A: "I really like to do things that other people have not yet done, so I am always thinking outside the box. I try to determine how to do something differently, how to do something better to improve a process, and how to reach my consumer. That can be other health care providers within the facility that are involved with patient education, or it can be the patients and community at large."
A good example of Gebers’ thinking is her above-mentioned idea for a new use for the facility’s computers and kiosks when the company that produced the interactive Internet-based education product folded. Gebers also submitted educational videos produced in-house in collaboration with Action Media Productions to national awards competitions. The facility won an award for these videos, and the company that provided funding for the videos realized it was a quality product and provided additional funding. This was a way to get funding for projects when no money was budgeted for them.
Q: Are there special problems you still need to overcome?
A: "Even though we have a plethora of materials available, whether hard copy, intranet, videos, CDs, or even support groups, some health care providers don’t take the time that is really necessary to provide these educational materials for our patients, and that is very disheartening."
Although educational resources are promoted, chart reviews show they are underused. Deborah has received recognition from the New Jersey Peer Review Organization for exceptional patient education efforts with all indicators reviewed.
Q: What is your weakest link or greatest challenge?
A: "I think, overall, not having the financial support [for] the technology needed to bring information to the public is a weak link. There are so many things I would like to do with community outreach."
For example, a partnership between Deborah Heart and Lung Center and Pfizer, a pharmaceutical company, has resulted in screenings that help consumers determine their risk of having a cardiac event within the next 10 years. Based upon these results, patients often undergo healthy behavior changes, such as losing weight, eating more nutritious meals, stopping smoking, and getting their cholesterol under control.

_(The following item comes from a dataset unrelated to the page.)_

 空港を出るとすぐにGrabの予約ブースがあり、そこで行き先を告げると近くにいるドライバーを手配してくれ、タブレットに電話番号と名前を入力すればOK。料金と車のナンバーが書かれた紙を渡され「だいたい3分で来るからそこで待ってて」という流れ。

With a laptop computer and a printer, Gebers can conduct these screenings herself without having to rely on the pharmaceutical company.
Q: What is your vision for patient education for the future?

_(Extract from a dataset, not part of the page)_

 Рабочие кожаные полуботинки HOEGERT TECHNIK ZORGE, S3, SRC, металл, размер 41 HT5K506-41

A: "I would like to see health education accessible for anyone who wants the material. I think if we would have kiosks in the malls where consumers would be able to do blood pressure screenings and use a touch screen to learn about a particular diagnosis or treatment, people might be more encouraged to see their physician. Once they learn that a treatment involves a physician visit or health practitioner interaction, they would be more likely to make an appointment."
Currently, Deborah Heart and Lung Center offers "Ask a Question" on its web site to help reach people who are ready to learn.
Q: What have you done differently since your last JCAHO visit?
A: "The whole survey is different. In the past, I needed to create evidence books so that no matter what the standard was, I had all the documents ready to go to support our position on how we were meeting and exceeding the expectations within a certain standard. Now the surveyors are using what is called tracer methodology, where they follow a patient from admission through discharge. The Joint Commission is looking to see that in each area the standards are met, thus heightening staff awareness of the importance of documenting completely before sending a patient to another area."
To improve communication, Gebers recently revised the interdisciplinary documentation sheet, which makes it easy to determine what was taught, who did the teaching, and the current educational needs of the patient. Deborah Heart and Lung Center will be surveyed in January 2005.
Q: When you implement a new program or create new materials, where do look for information and ideas?
A: "A lot of it is experience. I have a wealth of experience as far as preparing and presenting programs. Sometimes I will contact another colleague. I attend national conferences every year and find that they are very informative. Conferences are great for networking and a good way to become informed."